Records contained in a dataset
------
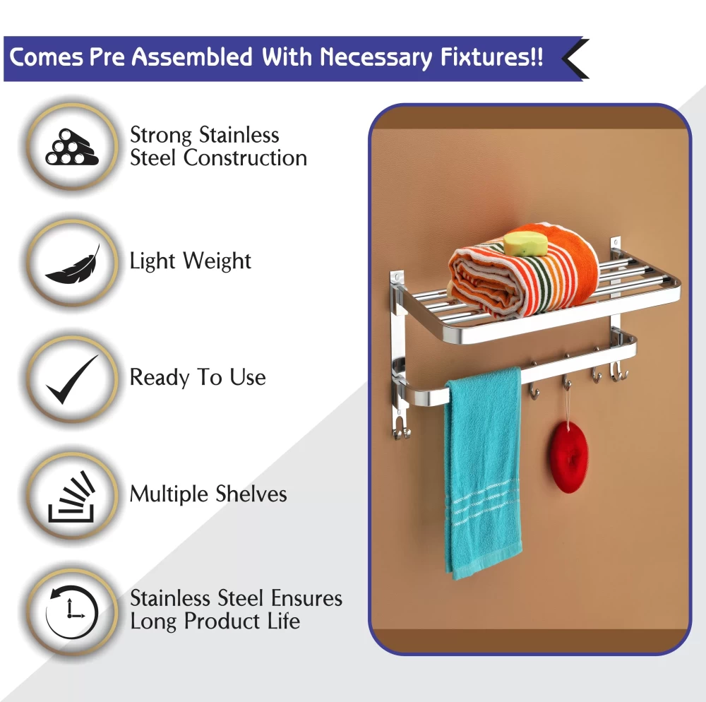 • Upgrade your bathroom with the BUMBERELL Stainless Steel Folding Towel Rack, designed for maximum functionality, durability, and elegance. This sleek, wall-mounted rack helps you keep your towels organized while saving space, making it a must-have for modern bathrooms, kitchens, and laundry areas.
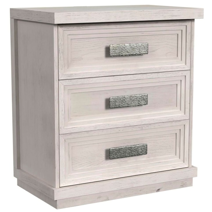 Create a haven of relaxation with the 3-Drawer Nightstand. The antique white finish radiates warmth and charm, creating an inviting atmosphere that complements any décor style. The drawer fronts feature an elegant paneled design, adding depth and visual interest. All drawers are adorned with distinctive metal pulls, carefully crafted with a textured finish to add a touch of rustic appeal. For modern convenience, the nightstand includes a USB charging station, allowing you to keep your devices charged and within reach, making this case good a perfect blend of style and functionality. Embrace this beautiful piece from the bedroom collection and make every day feel like a retreat.
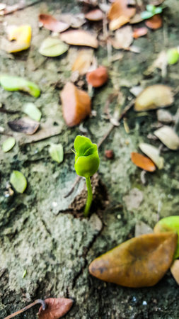 New small tree growing from the ground in the forest
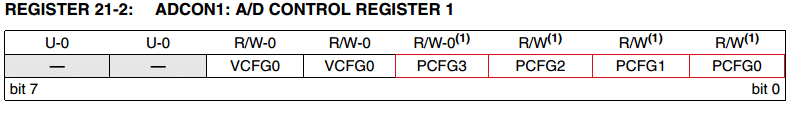O ADCON1 consiste em um registrador importante para a configuração do módulo analógico do microcontrolador PIC18F4550, uma vez que por meio dos bits PCFG0, PCFG1, PCFG2, PCFG3, serão selecionadas as respectivas portas configuradas como entradas analógicas. É disponibilizado no datasheet do componente uma tabela referente ao valor que os 4 bits devem assumir para configurar as portas analógicas.
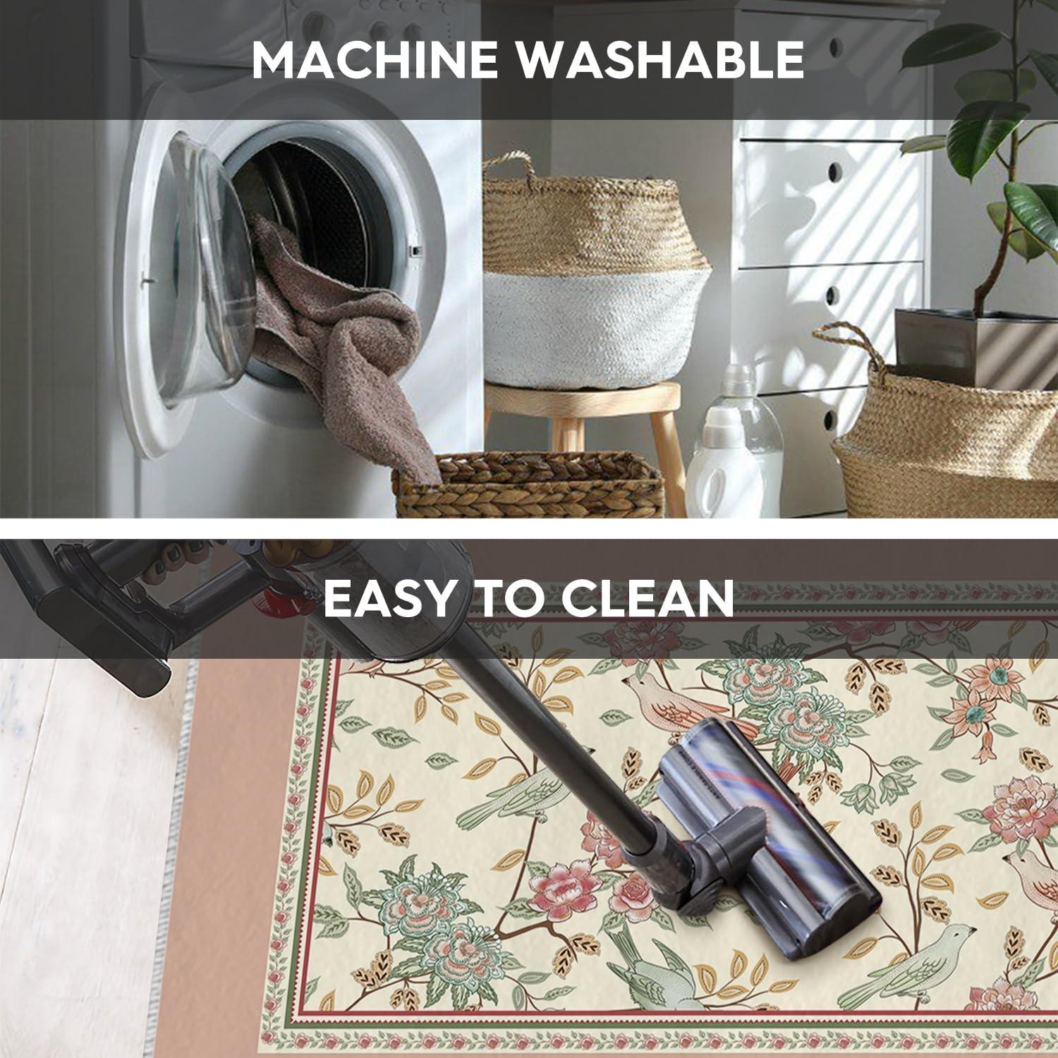 AREA RUGS WASHABLE:The washing machine and vacuum cleaner is friendly to these area rug. Rugs are quick and easy to clean and maintain which is durable, just regular vacuuming and gently blotting out minor stains with a mild detergent or carpet cleaner. A clean rug for living room can be obtained without taking a long time.
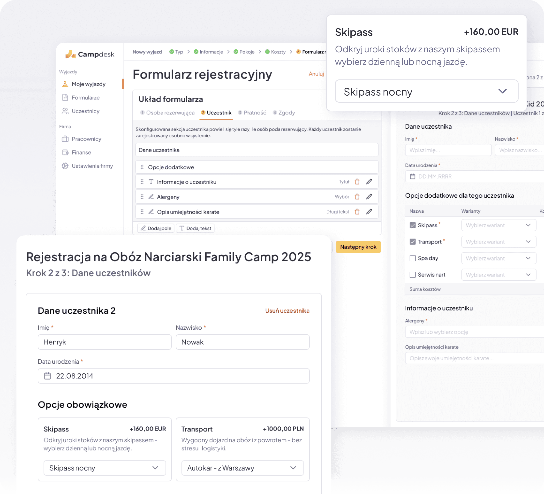 Campdesk to platforma stworzona dla organizatorów wyjazdów, klubów sportowych i touroperatorów, którzy chcą działać szybciej, sprawniej i profesjonalniej. Wszystko, czego potrzebujesz do zarządzania rejestracjami, płatnościami, dokumentacją i komunikacją, znajdziesz w jednym miejscu.
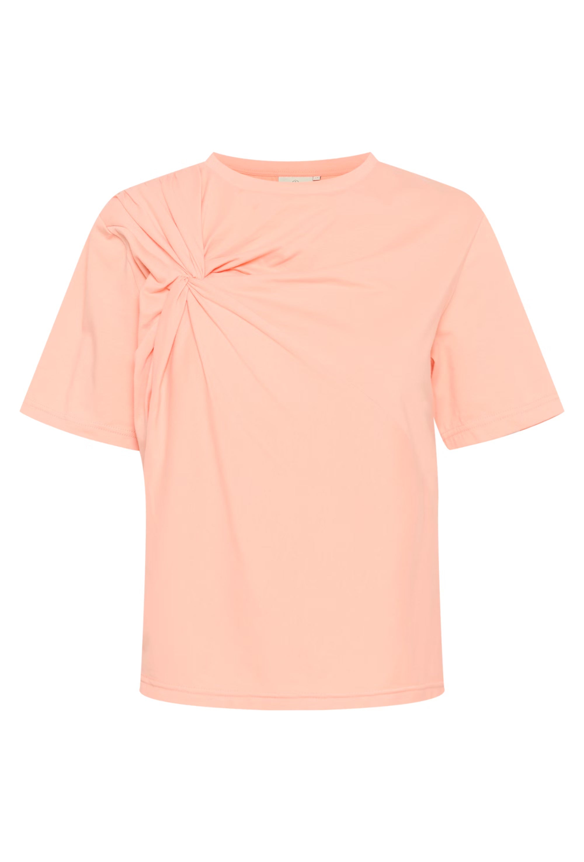 A great T shirt with that little point of difference from Scandi brand KAFFE. With a round neck this T shirt is boxy with a twisted fabric detail on one side. A very flattering shape which fits true to size.
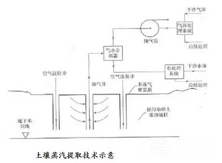 土壤蒸汽浸提修復(fù)技術(shù)是在污染土壤內(nèi)引入清潔的空氣產(chǎn)生驅(qū)動力,利用土壤固相、液相和氣相間的濃度梯度,在氣壓降低的情況下,將其轉(zhuǎn)化為氣態(tài)的污染物排出土壤的過程。
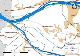 La commune se situe sur une presqu'île formée par la confluence de la Loire (3,047 km) et de la Vienne (1,068 km). Le réseau hydrographique communal, d'une longueur totale de 12,83 km, comprend en outre un petit cours d'eau[1],[2].
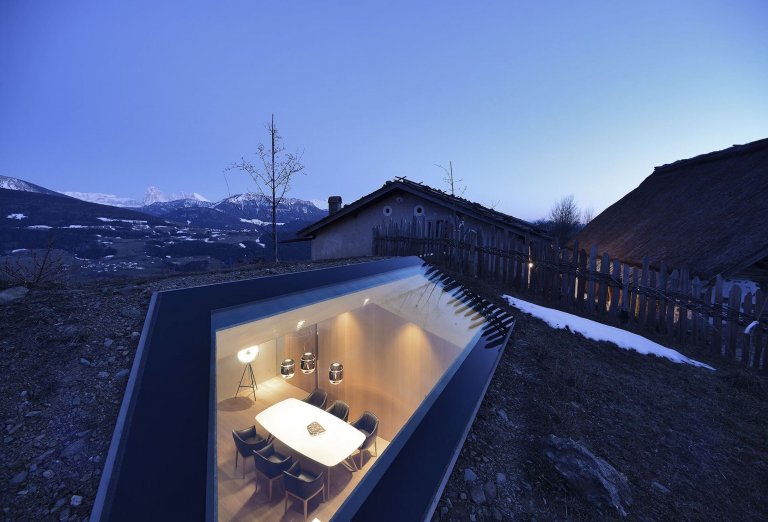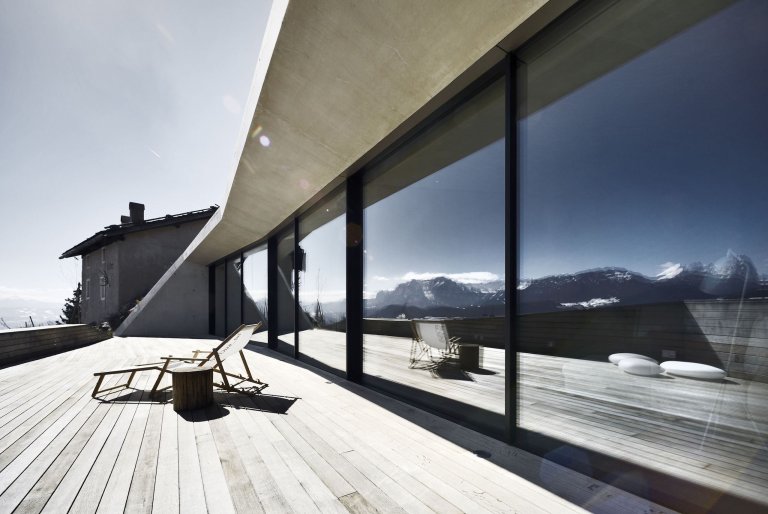 Dialog mezi starým a novým. Harmonický rozvoj lze dosáhnout nejen kopírováním a opakováním původních vzorů, používáním starých materiálů a postupů - ale i nezávislou a odvážnou autorskou výpovědí. Podmínkou je, že architekt "musí vědět". Dobré dílo vyžaduje poctivý návrh, provedení, domyšlený celku i detailů a rovněž "materiálovou věrnost a poctivost". Moderní řešení a materiály neomezují autorů v možnostech stavět ohleduplně k okolnímu prostředí. Autorem díla je mladý slovenský architekt ing. arch. Pavol Mikolajčák profesionálně působícího v oblasti Jižního Tyrolska.
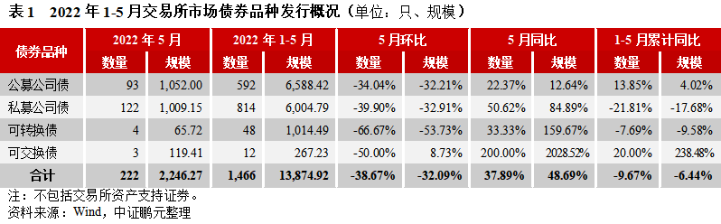1. 5月份交易所市場發行信用債券2,246.27億元,環比下降32%
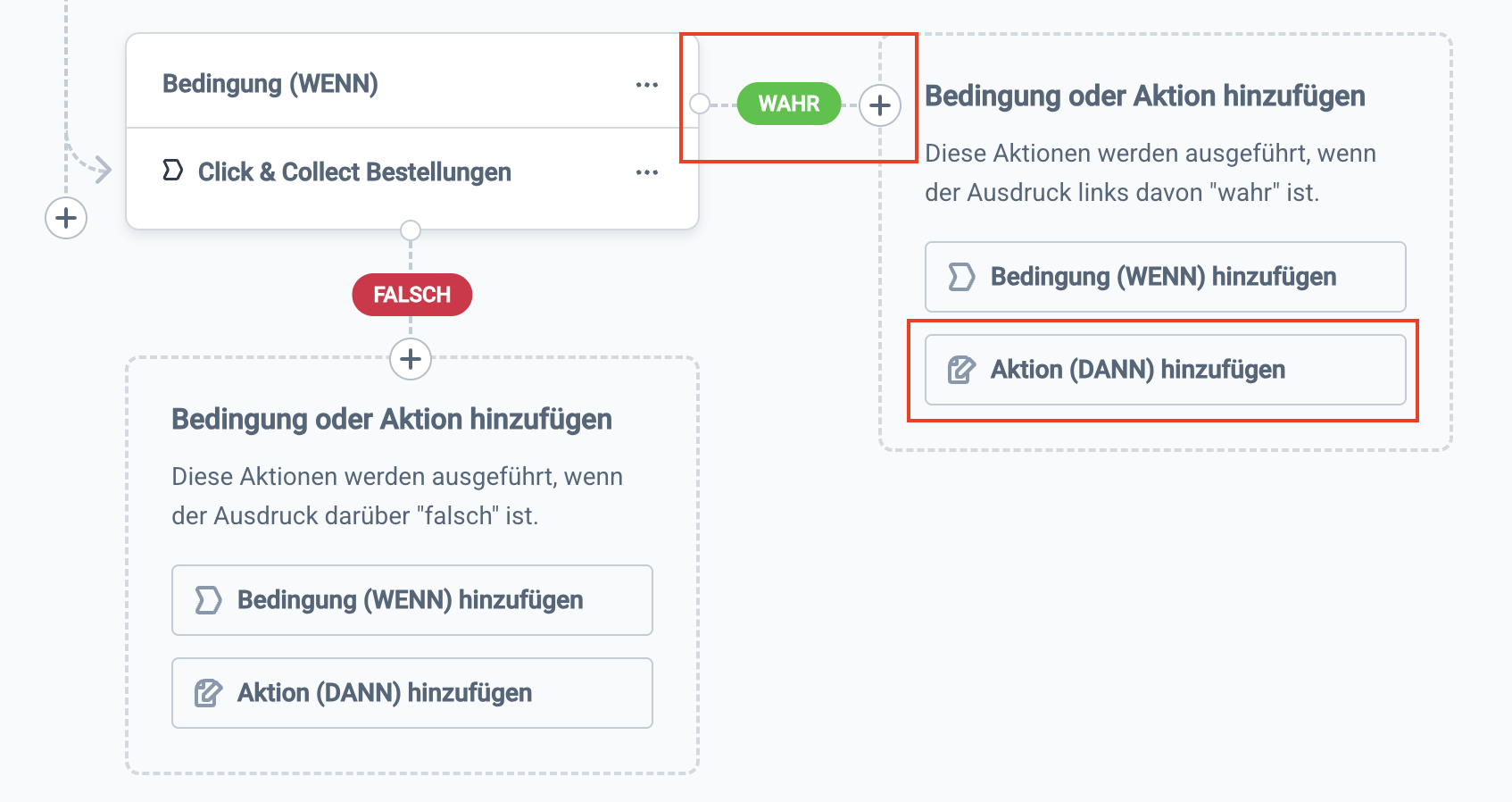 | Füge nun für den Wahrheitspfad eine Aktion hinzu. |
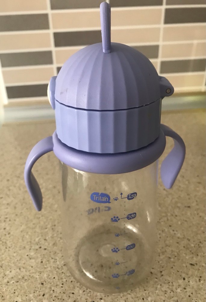 Dayanıklı Tritan malzemeden yapılmış pastel mavi renkli, rahat tutuş sağlayan saplara sahip suluk.
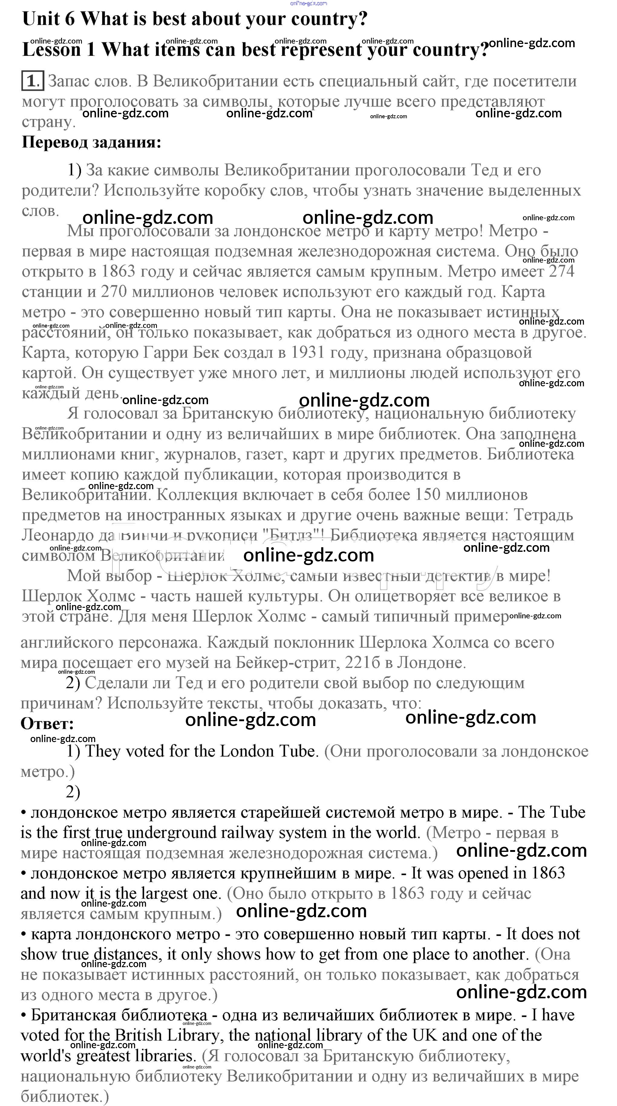 Готовые домашние задания по Английскому языку за 7 класс Учебник Кузовлев, Лапа УМК 2015 - Lesson 1 Unit 6. What is best about your country? 1
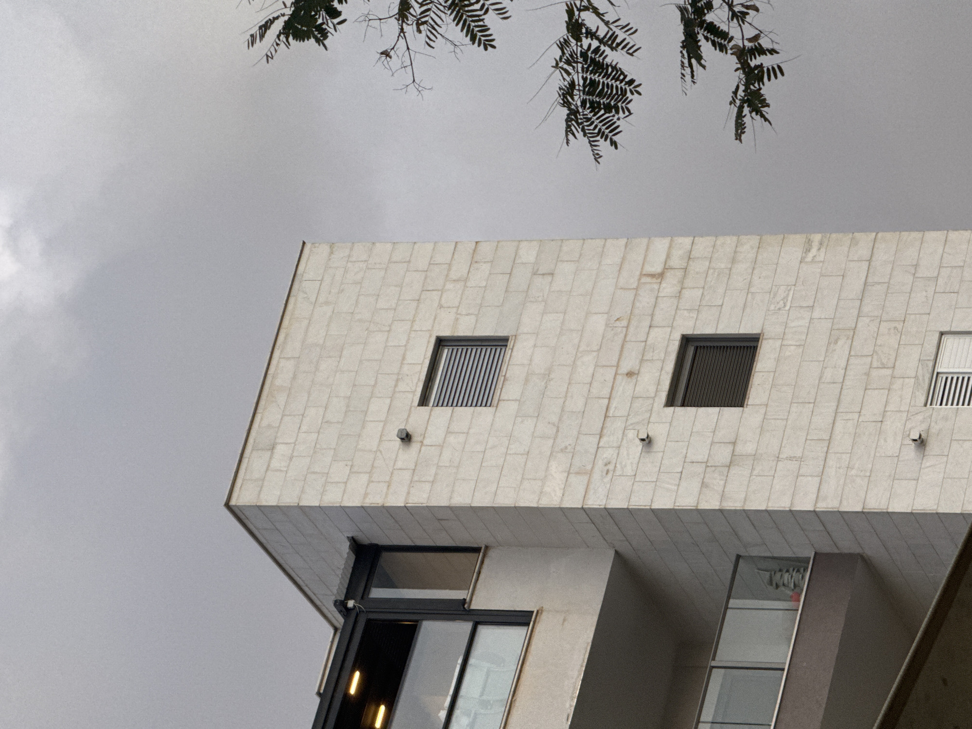 A low-angle, eye-level shot captures the upper portion of a modern building against an overcast sky in Bat Yam, Israel. The building's facade is constructed of rectangular, beige-toned stone tiles. Three dark, square windows are visible across the top section, each appearing to have either blinds or some form of screening. Below, there is a set of larger windows with dark frames, including one that is partially open, revealing a bright yellow light source inside. Additional, smaller windows are visible. In the upper portion of the frame, sparse green leaves hang down from thin branches, creating a visual element in contrast to the angular architecture. The sky is a uniform light gray, suggesting an overcast day. No people or other subjects are immediately apparent in the frame.
------
All that should appear in the answer is the lines above from the line with "New small tree" through the line with "A great T shirt", retyped exactly, pictures left out.

 New small tree growing from the ground in the forest
O ADCON1 consiste em um registrador importante para a configuração do módulo analógico do microcontrolador PIC18F4550, uma vez que por meio dos bits PCFG0, PCFG1, PCFG2, PCFG3, serão selecionadas as respectivas portas configuradas como entradas analógicas. É disponibilizado no datasheet do componente uma tabela referente ao valor que os 4 bits devem assumir para configurar as portas analógicas.
 AREA RUGS WASHABLE:The washing machine and vacuum cleaner is friendly to these area rug. Rugs are quick and easy to clean and maintain which is durable, just regular vacuuming and gently blotting out minor stains with a mild detergent or carpet cleaner. A clean rug for living room can be obtained without taking a long time.
 Campdesk to platforma stworzona dla organizatorów wyjazdów, klubów sportowych i touroperatorów, którzy chcą działać szybciej, sprawniej i profesjonalniej. Wszystko, czego potrzebujesz do zarządzania rejestracjami, płatnościami, dokumentacją i komunikacją, znajdziesz w jednym miejscu.
 A great T shirt with that little point of difference from Scandi brand KAFFE. With a round neck this T shirt is boxy with a twisted fabric detail on one side. A very flattering shape which fits true to size.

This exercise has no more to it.